Ник молча мочил обезображенную резанной раной руку. Казалось, он впал в прострацию, уснул или, хуже того, умер. Просто стоял, стоял и так, стоя, и умер. Молодые люди как бы по инерции продолжали заниматься совокуплением, но это занятие в данный момент явно не приносило им никакого удовлетворения.

– Он чего, уснул? – шепотом спросила Вера.

– Откуда я знаю. Ник, ты в порядке?

Юноша помотал головой.

– Я думаю, думаю Чех. Скажи, ты смог бы убить человека?

– Не знаю, смотря как и за что.

– Да просто так, ни за что, горло перерезать, вот Верке хотя бы.

– Перестаньте, перестаньте, – готовая провалиться в истерический обморок, умоляюще произнесла Вера, – вы можете нормально разговаривать? Если вы не прекратите, я либо заору, либо сблюю опять.

– Ну, ладно, Вер, ты же не за обеденным столом сидишь, в конце то концов, а трахаешься в ванной, и при том, что тебя окружает в данный момент цвет русской современной литературной мысли. Писатель и поэт, Вера, творит не только пером или ручкой, он творит прежде всего мозгами, и тут никакие обстоятельства не могут ему помешать, потому что, Вера, он творит всегда, даже во сне, не говоря уже о данной сложившейся ситуации. Так что в данный момент, Вера, ты удостоилась чести наблюдать этот самый творческий процесс. Ладно, оставлю вас, не буду мешать.

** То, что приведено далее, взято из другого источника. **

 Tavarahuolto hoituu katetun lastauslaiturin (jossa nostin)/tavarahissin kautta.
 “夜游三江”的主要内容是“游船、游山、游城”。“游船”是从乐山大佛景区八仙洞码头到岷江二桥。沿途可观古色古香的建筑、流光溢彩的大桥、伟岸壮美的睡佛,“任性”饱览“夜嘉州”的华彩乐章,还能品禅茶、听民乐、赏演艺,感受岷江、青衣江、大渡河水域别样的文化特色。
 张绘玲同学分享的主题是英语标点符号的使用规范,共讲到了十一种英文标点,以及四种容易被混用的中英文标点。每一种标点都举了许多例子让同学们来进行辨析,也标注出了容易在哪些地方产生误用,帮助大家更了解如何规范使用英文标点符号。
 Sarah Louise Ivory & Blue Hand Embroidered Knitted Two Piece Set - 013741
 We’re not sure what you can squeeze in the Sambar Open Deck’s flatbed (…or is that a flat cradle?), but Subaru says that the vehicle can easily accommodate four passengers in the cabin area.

Ник достал из шкафчика йод и вату, по краям обработал рану, затем взял бинт и вышел из ванной, прикрыв за собой дверь.

Когда Чех с Верой вернулись на кухню, их радушно встретил Ник с тугой повязкой на руке.

– Ну что, все хорошо? – прищурившись, улыбнулся он.

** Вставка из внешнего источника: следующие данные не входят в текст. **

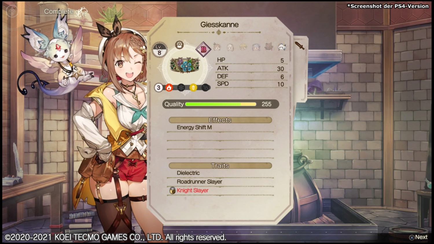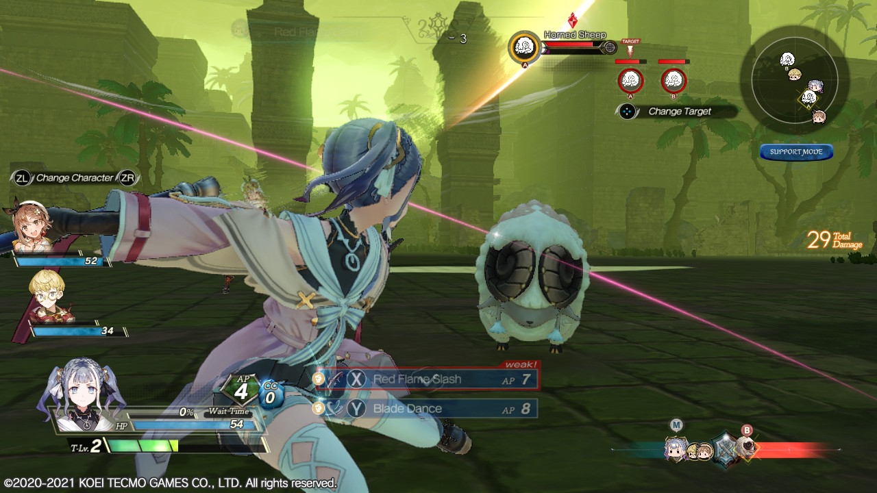 Etwas seltsam ist übrigens die Item-Nutzung geregelt, wenn auch anders als beim ersten Atelier Ryza. So sind zwar nochmals sogenannte Kernladungen notwendig, um die prinzipiell unendlich oft nutzbaren Sprengkörper, Plasmakugeln und Tinkturen zu nutzen, die werden jedoch vollständig während des laufenden Kampfes verdient – schlicht durch Einsatz eurer Spezialattacken. Zu Beginn macht dies die Items vergleichsweise nutzlos, gehen die meisten Feinde doch vorher durch die stetig hereinprasselnden Manöver in die Knie. Mit den richtigen Upgrades kann sich jede Figur aber auch einen gewissen Ladungswert zum Kampfstart verdienen und direkt die mittelschweren Geschütze auspacken. Das war dann auch der Punkt, an dem sich bei mir ein angenehmer Gefechtsrhythmus einstellte. Ich ertappte mich dabei, wie ich praktisch von einer Konfrontation in die nächste rannte, weil ich schlichtweg meine helle Freude am Mix aus effektvollen Angriffsketten und abrundender Item-Bombardierung hatte. Und als ich zur Auffrischung meiner Erinnerungen Teil 1 noch einmal in meine Switch einlegte, bekam ich sichtlich Probleme damit, mich in das vergleichsweise langsamere und unkomfortablere alte Kampfsystem hineinzufinden.
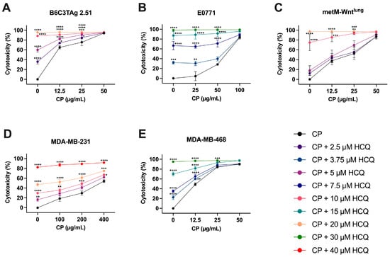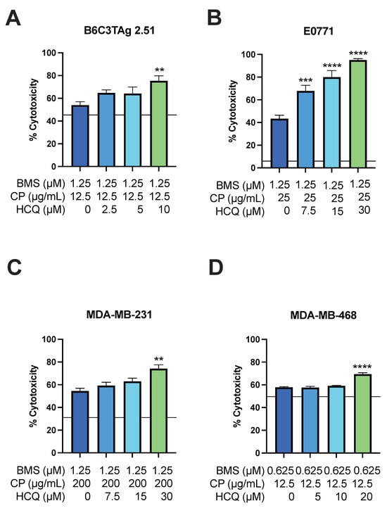 Upregulation of autophagy in cancer cells may mediate resistance to DNA-damaging chemotherapy [16,17,19]. We first investigated the effect of HCQ alone on TNBC cells and demonstrated HCQ-induced cytotoxicity in a panel of TNBC cell lines (Figure S2). We next evaluated the anticancer effect of HCQ in combination with CP. TNBC cells were first treated with HCQ (0–30 μM) for 24 h to disrupt lysosomal function before the addition of CP (0–400 μg/mL) for 48 h of combination treatment. Combination treatment with HCQ 10 μM) and CP (25 μg/mL) increased cytotoxicity by 18–41% compared with treatment with CP alone in B6C3TAg 2.51 (p < 0.0001) and metM-Wntlung (p < 0.01) cells (Figure 4A,B). Combination treatment with HCQ (15 μM) and CP (25 μg/mL) increased cytotoxicity by 9–84% compared with treatment with CP alone in E0771 (p < 0.0001) and MDA-MB-468 (p < 0.05) cells (Figure 4B,E). In MDA-MB-231 cells, combination treatment with HCQ (20 μM) and CP (100 μg/mL) increased cytotoxicity by 34% compared with treatment with CP (100 μg/mL) alone (p < 0.0001) (Figure 4D).

– Нормально, – сухо произнес Чех, явно недовольный произошедшим, – наливай, что ли.

Юноши залпом опустошили наполненные рюмки, запили пивом и закурили.

– Хорошо пошла, – сказал расслабившийся после изнурительной процедуры совокупления Чех.

Вера все сидела с наполненной рюмкой никак не решаясь выпить.

– Ты чего, Вера, стесняешься или брезгуешь?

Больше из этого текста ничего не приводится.